# is there a way to delete abs from the ecu in a mk4 jetta?



## billmongold (Feb 20, 2008)

my trans mount broke and damaged my abs module and im gonna just pup a prop. valve in but im sick of looking at the abs/brake lights constantly on. how do i erase the abs option from the ecu?


----------



## GTijoejoe (Oct 6, 2001)

*Re: is there a way to delete abs from the ecu in a mk4 jetta? (billmongold)*

Honestly I don't even know if that is possible to 'delete' the ABS from the ECU software. The modulator unit has its own ECU, the Engine ECU is looking to alert any codes etc, or use wheel speed for a speedo (usually not on vw's I don't think)
You could just pull the fuse, and than take all the bulbs out


----------



## Chickenman35 (Jul 28, 2006)

*Re: is there a way to delete abs from the ecu in a mk4 jetta? (billmongold)*


_Quote, originally posted by *billmongold* »_my trans mount broke and damaged my abs module and im gonna just pup a prop. valve in but im sick of looking at the abs/brake lights constantly on. how do i erase the abs option from the ecu?

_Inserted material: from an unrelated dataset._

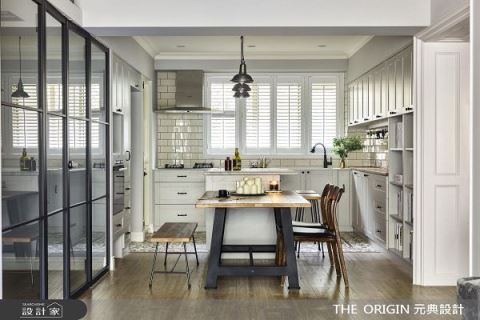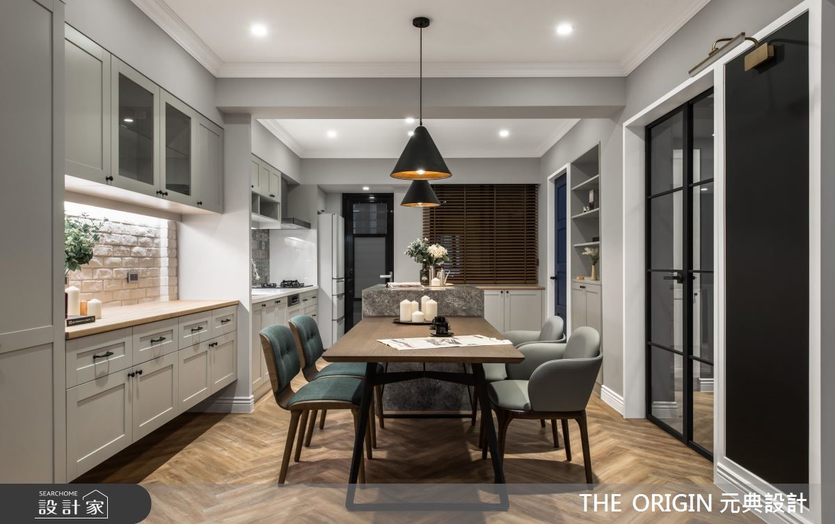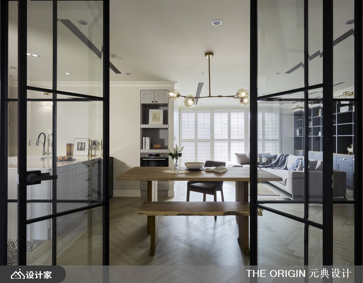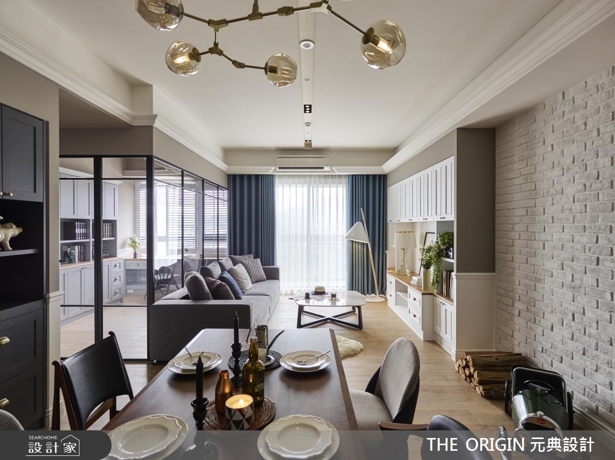 设计师採以开放式格局打造公领域,选定简约的美式风设计,运用淡雅的浅灰色贯穿全室,在静谧恬淡的背景之中,适度以线板妆点壁面、天花和柜体,使纯净场域跳出细緻的层次效果;餐厨区域,则特别选用木质餐桌椅,平衡淡灰的冷调,局部带入复古的砖材,堆叠樸质乡村氛围,而一旁更配置通透的玻璃隔断,将场域隔阂化于无形,使视线及光线可延伸穿透,带来通透放大效果;卫浴设计,同样引用活泼的砖面,让空间设计感十足,酝酿愉悦的洗浴体验!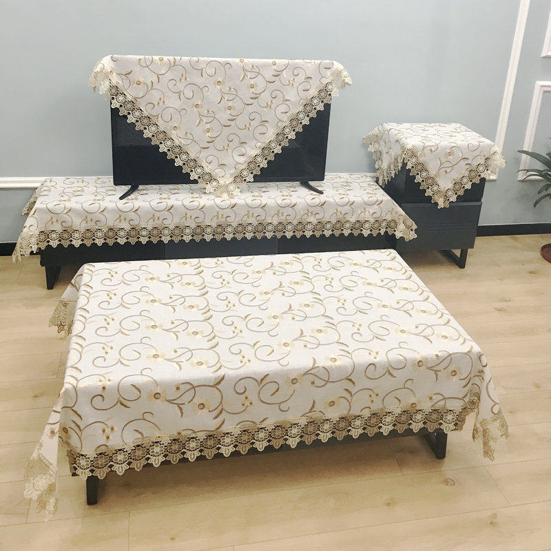 布艺桌布桌子圆形大气北欧茶楼展览静音蕾丝边写字桌餐桌隔热桌布热门设计联盟服务商

Try the " Getto ABS Fix " ....put a piece of black electrical tape over the blinking lights. Works great!!! 
My Audi's been like this for 3 years...


----------



## billmongold (Feb 20, 2008)

haha. nj plugs into the diag port and pulls codes for obd2. if you have any current ecu, abs, or airbag codes, you fail. no questions asked. even if its not emission related.


----------